Holding up? Hmm . . . not too good. :( It seems like I go from thinking I'm feeling okay to feeling rotten. I'm a little mad at myself for missing someone that treated me so horribly. Can't help it, I guess, and can only hope it goes away. Just hard to believe I meant so little to someone that meant so much. I think the hardest part isn't so much that I miss him as much as it is that I didn't mean anything to him. ???

 

As far as being able to see into Mr. California's future with your ex, I've seen people do it and have heard about it time and time again. There's a saying, "You lose a person the way you got them." That seems to hold true for some of the relationships I've heard about.

 

Thursday nights I go out with a girlfriend of mine to a club. (I'm not really that into clubs anymore, but do it to get out of the house). I hope he isn't there tonight. If he is, he'll only try to upset me by flirting with everything with a pulse. Guess that's another thing that bothers me. I think I'm naturally very attractive, very little make-up, not plain-looking, just not painted like a clown, and other guys always notice me, but he prefers the girls with the caked-on make-up that will go home with him after an introduction. Don't men realize that the more hair and make-up that is done, the less attractive someone is underneath? If I were a guy, I'd want to know what someone really looked like. I don't know. I think I'm a great catch. Not at all common. I was so easily tossed aside. I just don't understand it. :confused:

 

How've you been holding up? Been smiling daily? Hope so.

 

Big hugs,

Raven

  • Author
Posted
Awesome sense of humor. Thank you for the smile! :D

 

Well, what really made me flip out was when I noticed that my ex and Mr. California were part of the jury panel. So how could they be impartial when making such a crucial decision as that? That's why I took the matter into my own hands and dismissed their decision as it never amounted to anything in my eyes...and never will. :mad: The main thing is that you were my online Valentine. That's all that really matters. :D

 

Holding up? Hmm . . . not too good. It seems like I go from thinking I'm feeling okay to feeling rotten. I'm a little mad at myself for missing someone that treated me so horribly. Can't help it, I guess, and can only hope it goes away. Just hard to believe I meant so little to someone that meant so much. I think the hardest part isn't so much that I miss him as much as it is that I didn't mean anything to him. ???

 

I'm sorry you're not doing so well, cutie. I know EXACTLY how you feel, as my feelings match yours. There hasn't been one thing you've said so far that I can say differs from my own feelings, thoughts, and beliefs. I mean, not similar, but EXACT. It's so amazing, it's beginning to scare me. All I can say is stop beating yourself up. From what I've gathered thus far, you seem like someone I would go for, and I can honestly say I'm a great person. I never really realized this until my ex broke up with me, since the breakup actually forced me to reflect on myself as a person and as a boyfriend. And I can honestly say that I excel in both those areas.

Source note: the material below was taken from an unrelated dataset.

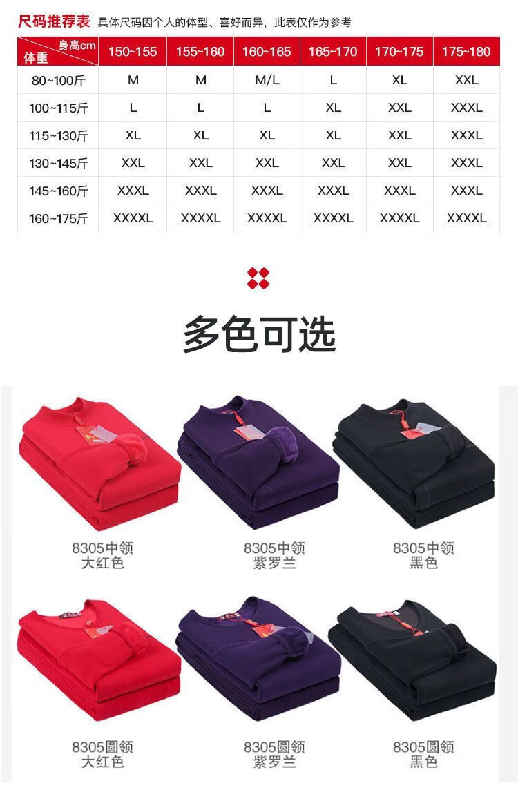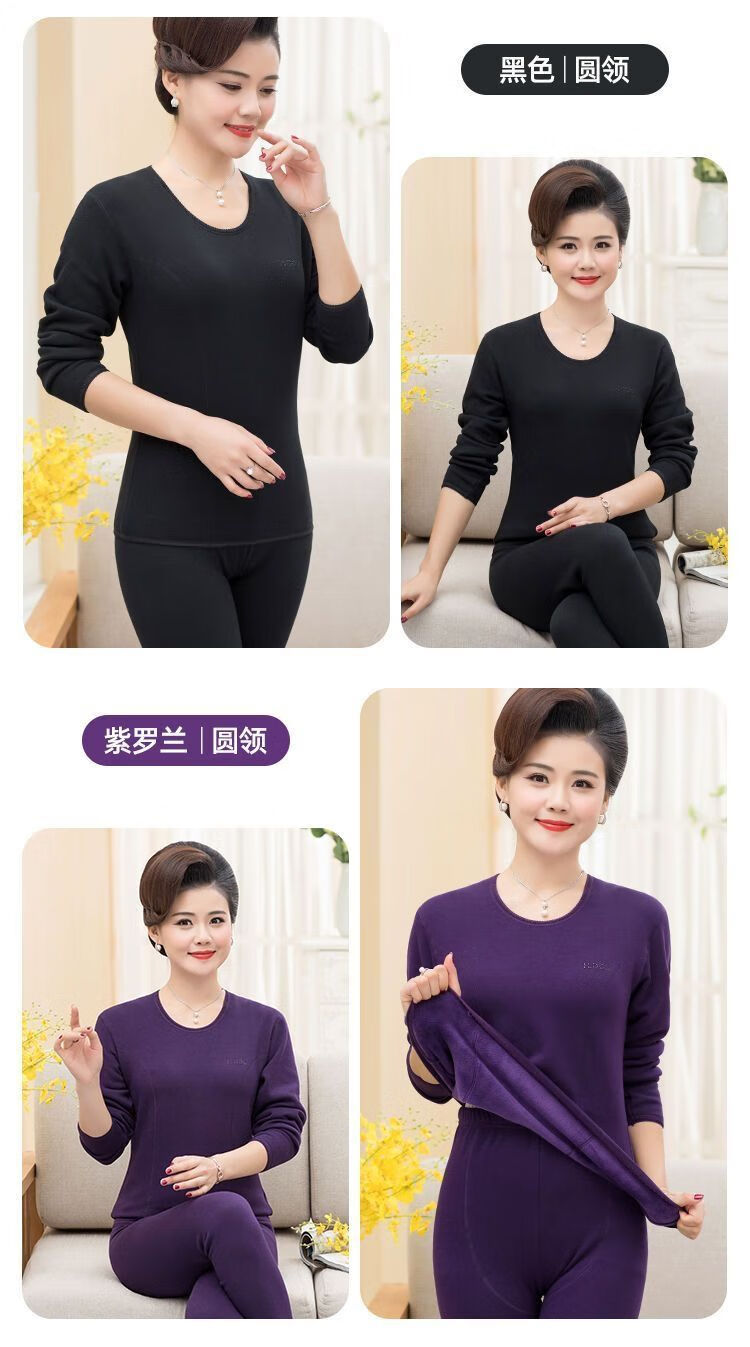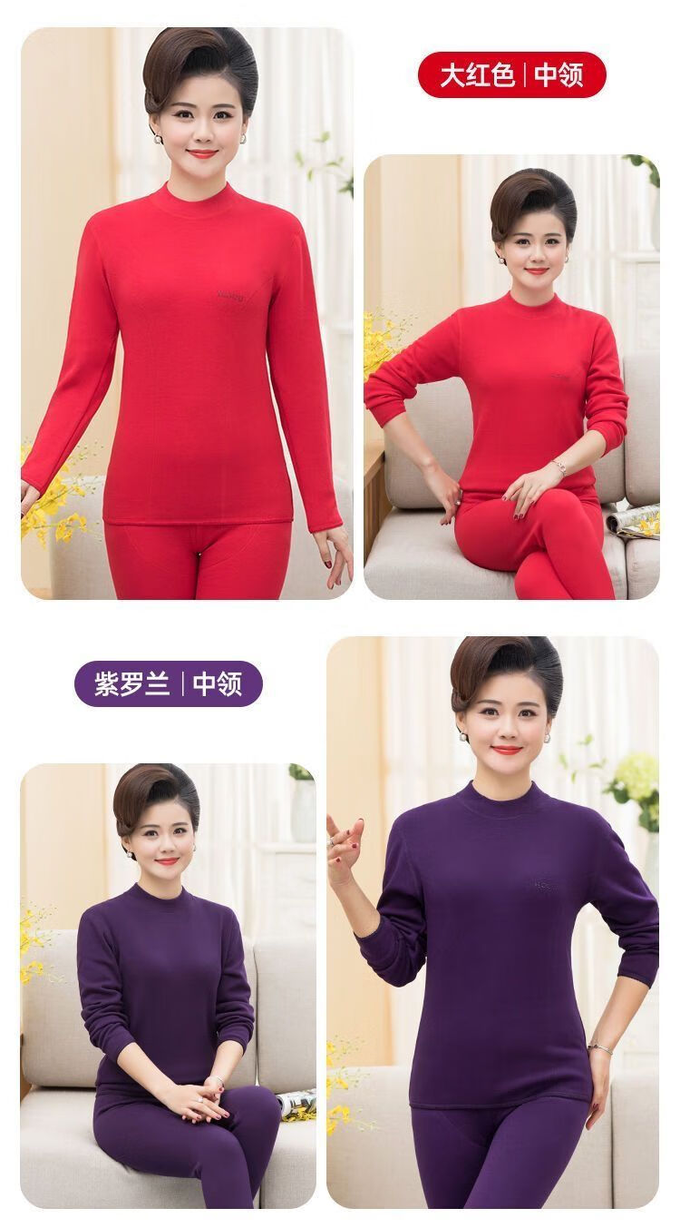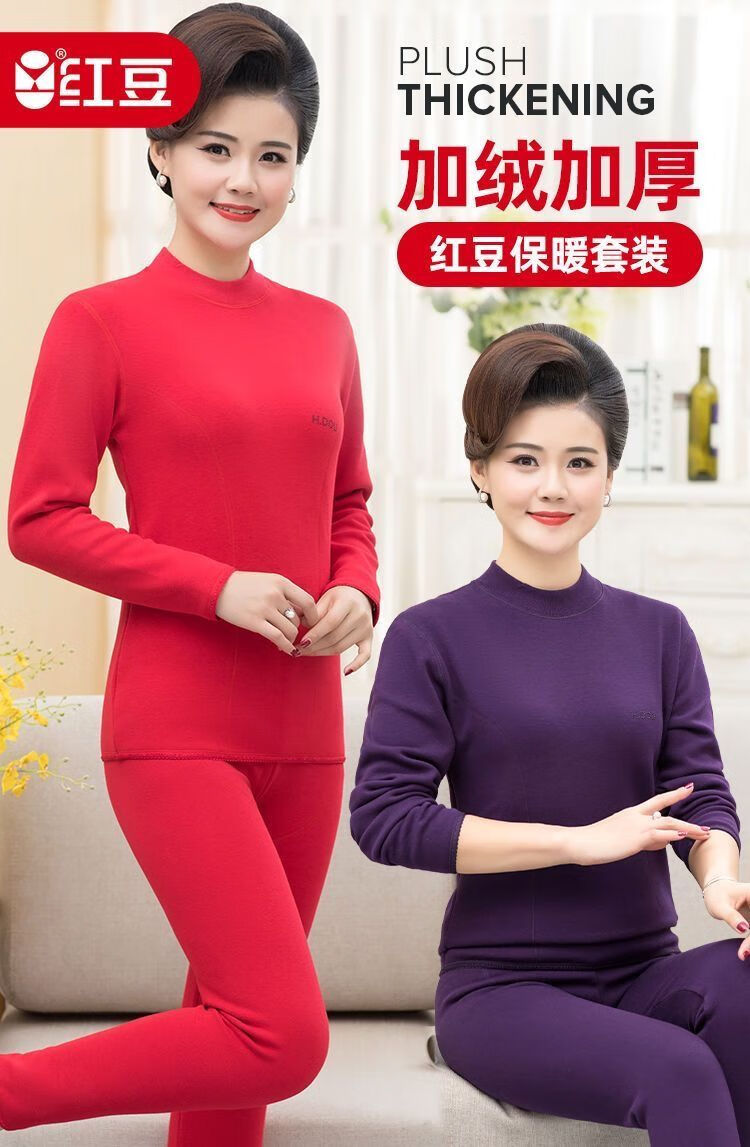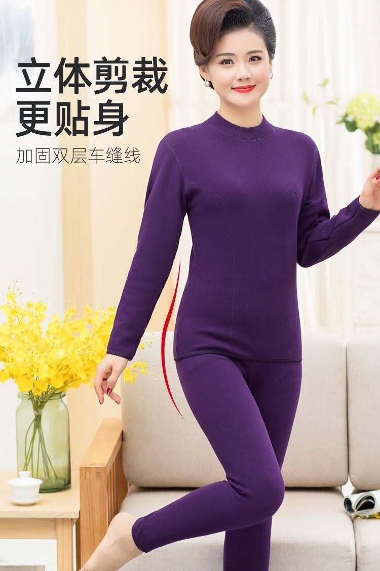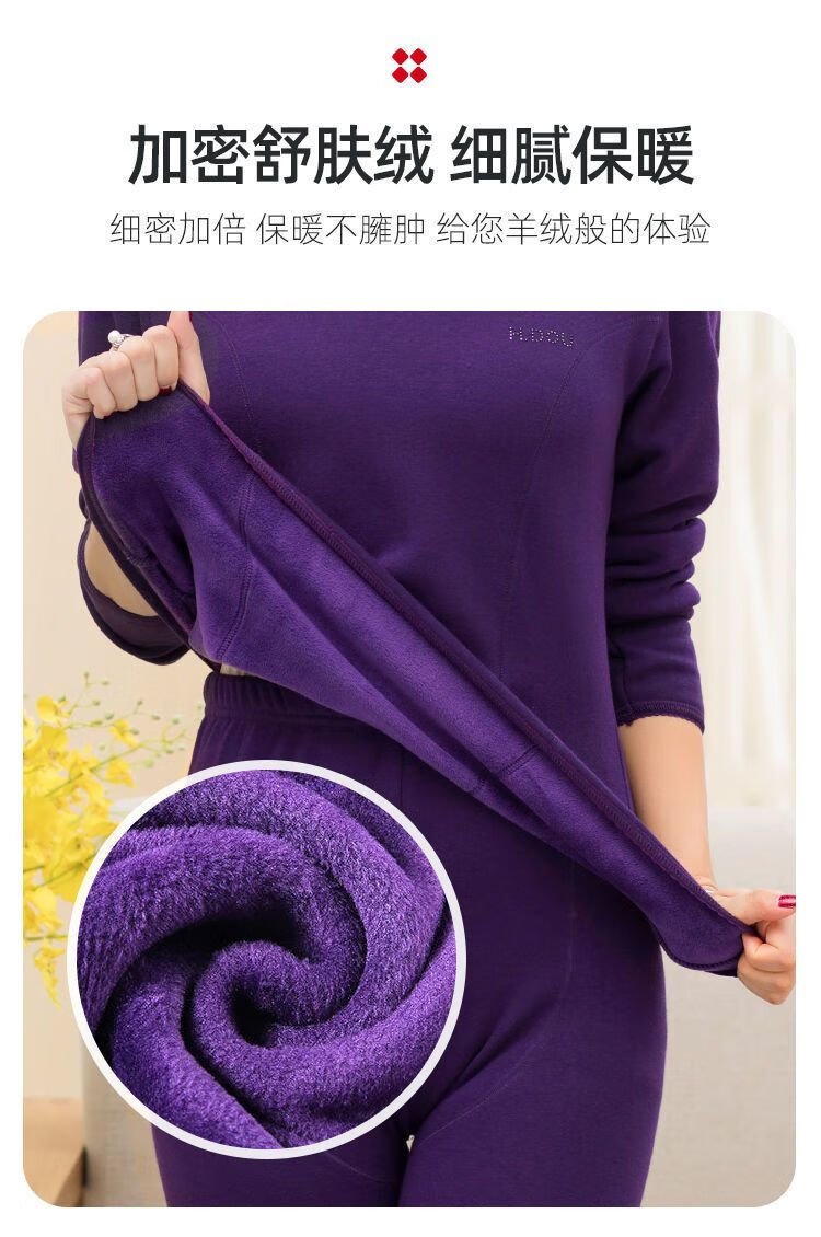 红豆加厚保暖内衣套装加绒抗寒女士中领圆领中老年棉毛衫秋衣秋裤冬季 中领-紫罗兰【加绒加厚 礼盒套装 XL /170 【115-130斤】

And the funny thing is that I am a very modest person. However, I don't know what the breakup has done to me, but it's allowed me to be less modest and more proud of the person I am. And Raven, I know you're the same great person as you've always been. You just have to recognize this for yourself. Once you do, everything you're thinking and feeling now will be a thing of the past. If anything positive is going to come out of your breakup, let that be it.

 

As far as being able to see into Mr. California's future with your ex, I've seen people do it and have heard about it time and time again. There's a saying, "You lose a person the way you got them." That seems to hold true for some of the relationships I've heard about.

 

I've never heard that saying before, but it makes perfect sense. It's similar to "what goes around, comes around." And I sincerely hope it happens in their case. There won't be any justice in the world if it doesn't happen. I'm too good a person for something as horrible as them lasting as a happy couple. If I was anything less than perfect to her, I guess it would be my punishment if they lasted. But it's just not the case.

 

Thursday nights I go out with a girlfriend of mine to a club. (I'm not really that into clubs anymore, but do it to get out of the house). I hope he isn't there tonight. If he is, he'll only try to upset me by flirting with everything with a pulse.

 

I hope you enjoyed yourself tonight at the club. Let me ask you a silly question. Why would you go to a place where you know "he" is going to be?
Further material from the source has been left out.